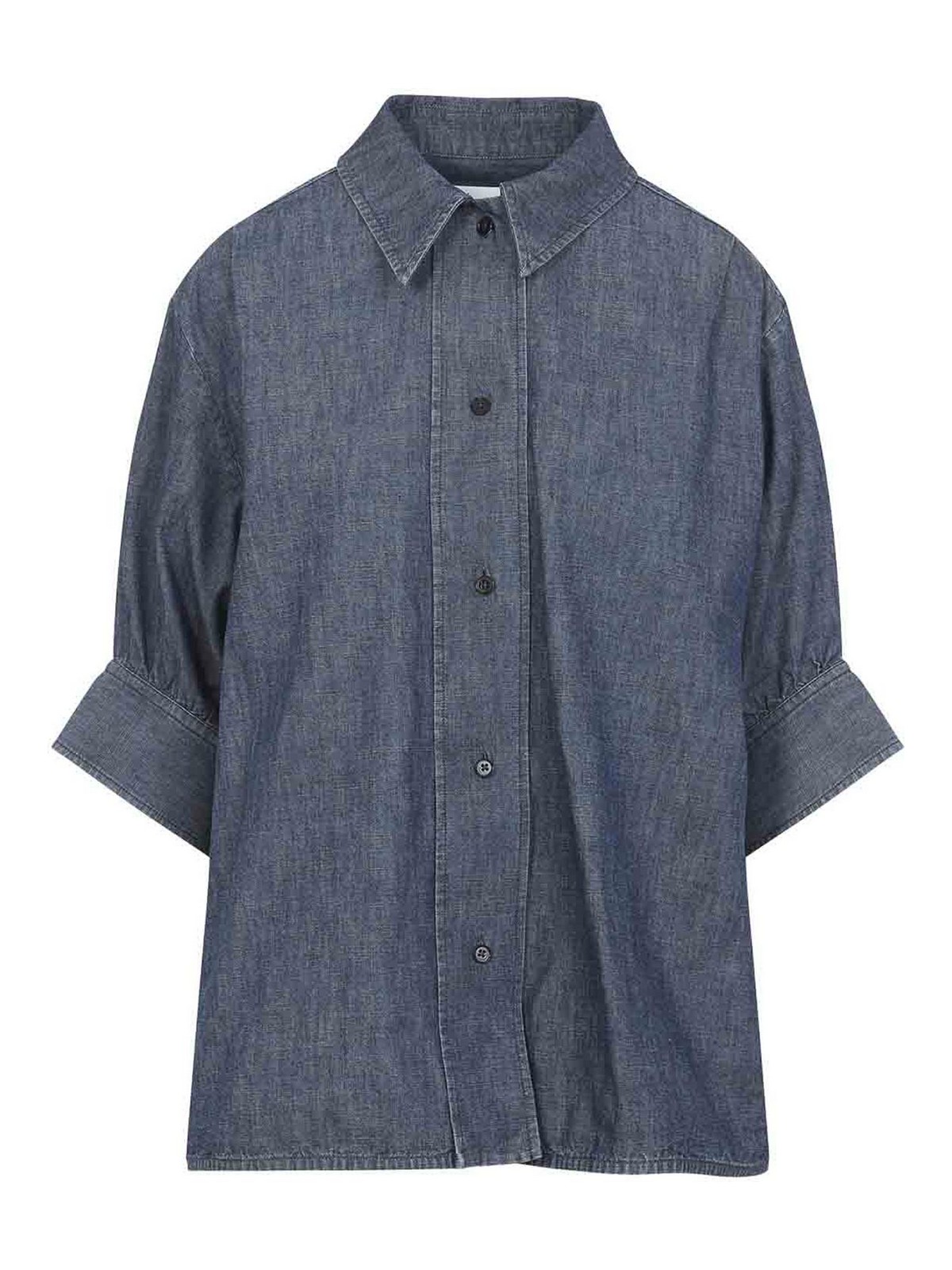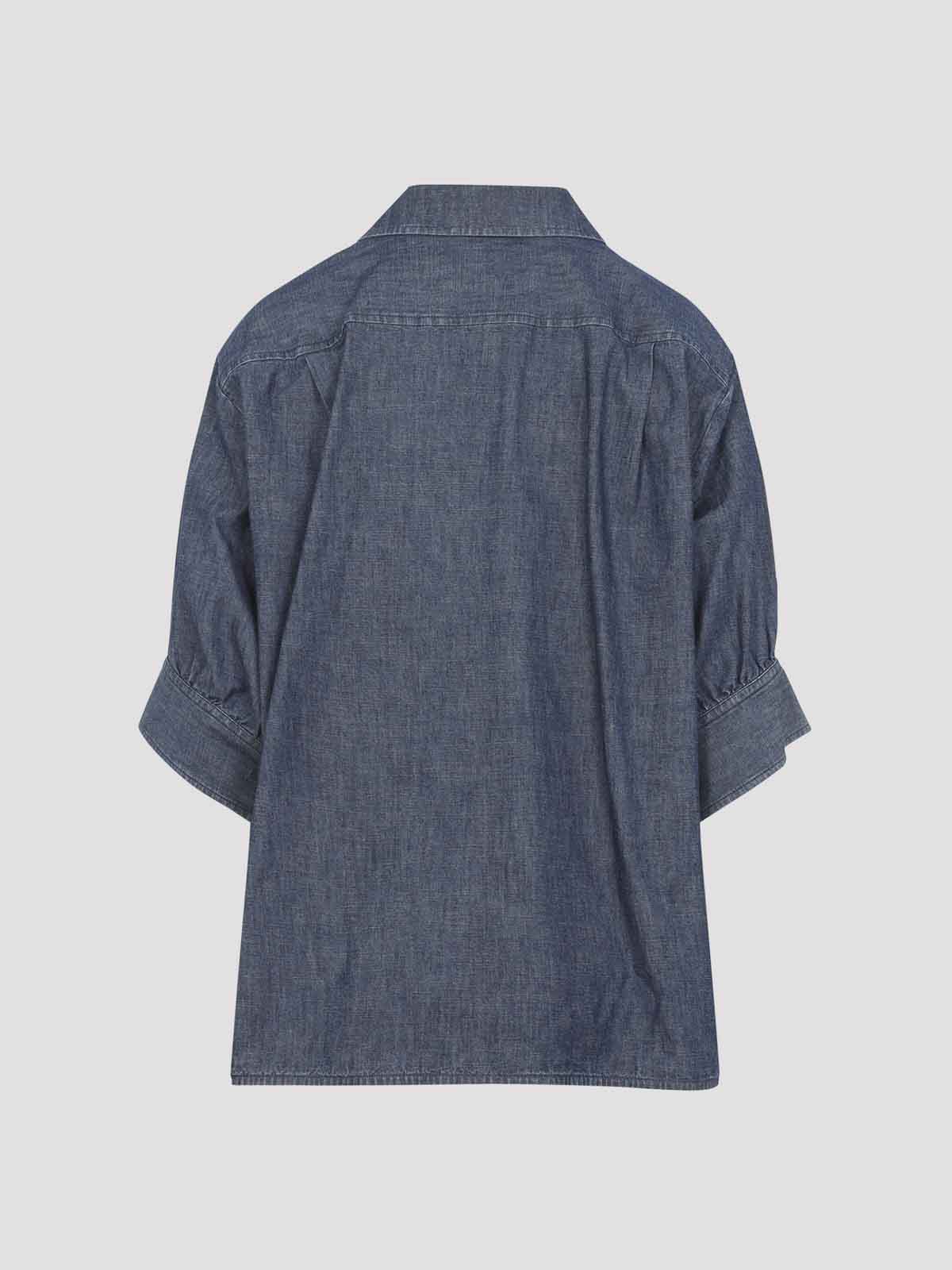 Camicia squadrata in cotone blu di Jil Sander. Camicia con maniche a tre quarti realizzata in cotone blu indaco, caratterizzata da colletto a punta, chiusura frontale con bottoni, spalla scesa, carré posteriore e due pieghe, e fondo dritto.
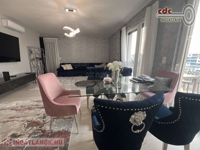 MARINAPARTON KIADÓ, ÚJSZERŰ, ELEGÁNS LUXUSLAKÁS KIADÓ! XIII. kerületben kínáljuk bérbevételre ezt a VII. emeleti, 122 m2-es + 30 m2-es teraszos, 4 szobás, amerikai konyhás, 2 fürdőszobás, egyedi mérésű házközponti fűtéses, egész nap napfényben úszó, csendes, újszerű állapotú lakást 2 db teremgarázs beállóval. Az ingatlan kitűnő elosztású, a szobák külön nyílnak, teraszkapcsolatosak, a konyha gépesített, magasfényű hófehér, az egész lakás elegáns, modern bútorokkal van berendezve. A ház 9 emeletes, liftes, újszerű állapotú, csodaszép belső kerttel és nagyon jó lakóközösséggel. A környék varázslatosan gyönyörű a Duna-part csodás lehetőségeket ad a víz és a természet szerelmeseinek. Szuper közlekedés, M3-as metró, buszok, Duna pláza. Az ingatlan 03.15-től költözhető. Közös költség 200 Euro / hó. A lakáshoz tartozik takarító, amelynek díját a bérlő fizeti. Minimum egy évre bérelhető. Két havi kaucióval és egy havi bérleti díjjal lehet szerződés kötni. Bérleti díj 3500 Euro + rezsi.
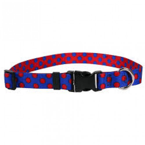 Our standard easy-clip designer collars are made in the U.S.A. of 100% vibrant color-fast polyester with durable plastic buckles, plastic slip locks, and a metal D-ring. Best of all they are washable!
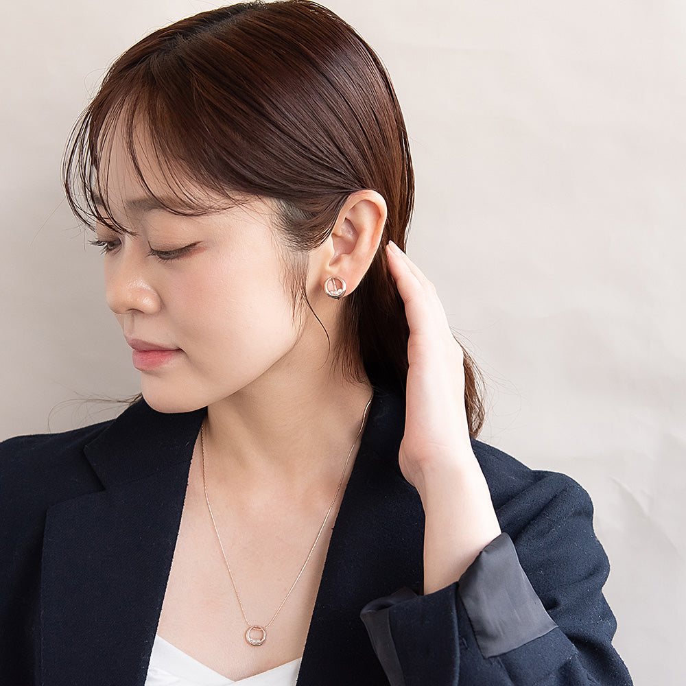 やさしい風合いのロゼカラーのアクセサリー。シルバーカラーを足したような薄いピンクゴールドの色調。
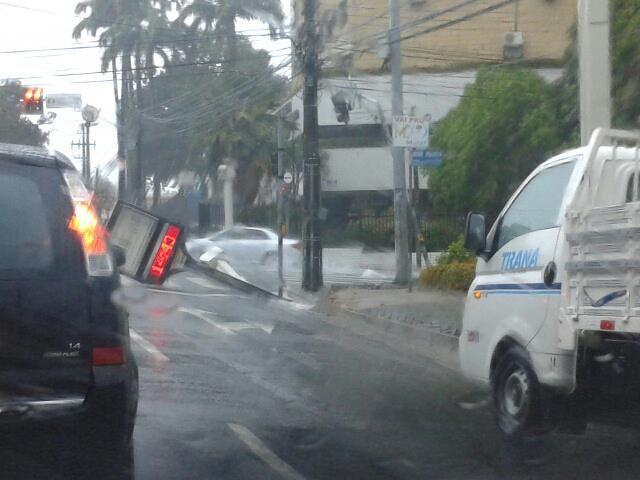 Um buraco abriu, no Cruzamento da avenida Desembargador Moreira com avenida Pontes Vieira, e fez com que um equipamento de fiscalização eletrônica e um letreiro eletrônico de publicidade afundassem, na tarde desta sexta-feira, 22.
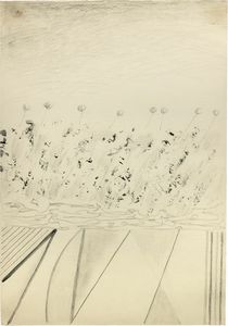 Tecnica mista su cartoncino, cm. 50x70 1963 Firma in basso a destra: Melotti; titolo e firma al verso: In memoria [..]
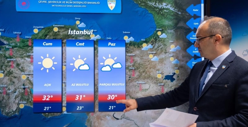 Çelik, sıcaklıkların İstanbul'da 30 ila 32, Ankara'da 33 ila 34 ve İzmir'de 34 ila 37 derecelerde seyredeceğini belirtti.

### Task
Your task is an exact printout of the records above, with no pictures.

### Exercise output
 Camicia squadrata in cotone blu di Jil Sander. Camicia con maniche a tre quarti realizzata in cotone blu indaco, caratterizzata da colletto a punta, chiusura frontale con bottoni, spalla scesa, carré posteriore e due pieghe, e fondo dritto.
 MARINAPARTON KIADÓ, ÚJSZERŰ, ELEGÁNS LUXUSLAKÁS KIADÓ! XIII. kerületben kínáljuk bérbevételre ezt a VII. emeleti, 122 m2-es + 30 m2-es teraszos, 4 szobás, amerikai konyhás, 2 fürdőszobás, egyedi mérésű házközponti fűtéses, egész nap napfényben úszó, csendes, újszerű állapotú lakást 2 db teremgarázs beállóval. Az ingatlan kitűnő elosztású, a szobák külön nyílnak, teraszkapcsolatosak, a konyha gépesített, magasfényű hófehér, az egész lakás elegáns, modern bútorokkal van berendezve. A ház 9 emeletes, liftes, újszerű állapotú, csodaszép belső kerttel és nagyon jó lakóközösséggel. A környék varázslatosan gyönyörű a Duna-part csodás lehetőségeket ad a víz és a természet szerelmeseinek. Szuper közlekedés, M3-as metró, buszok, Duna pláza. Az ingatlan 03.15-től költözhető. Közös költség 200 Euro / hó. A lakáshoz tartozik takarító, amelynek díját a bérlő fizeti. Minimum egy évre bérelhető. Két havi kaucióval és egy havi bérleti díjjal lehet szerződés kötni. Bérleti díj 3500 Euro + rezsi.
 Our standard easy-clip designer collars are made in the U.S.A. of 100% vibrant color-fast polyester with durable plastic buckles, plastic slip locks, and a metal D-ring. Best of all they are washable!
 やさしい風合いのロゼカラーのアクセサリー。シルバーカラーを足したような薄いピンクゴールドの色調。
 Um buraco abriu, no Cruzamento da avenida Desembargador Moreira com avenida Pontes Vieira, e fez com que um equipamento de fiscalização eletrônica e um letreiro eletrônico de publicidade afundassem, na tarde desta sexta-feira, 22.
 Tecnica mista su cartoncino, cm. 50x70 1963 Firma in basso a destra: Melotti; titolo e firma al verso: In memoria [..]
 Çelik, sıcaklıkların İstanbul'da 30 ila 32, Ankara'da 33 ila 34 ve İzmir'de 34 ila 37 derecelerde seyredeceğini belirtti.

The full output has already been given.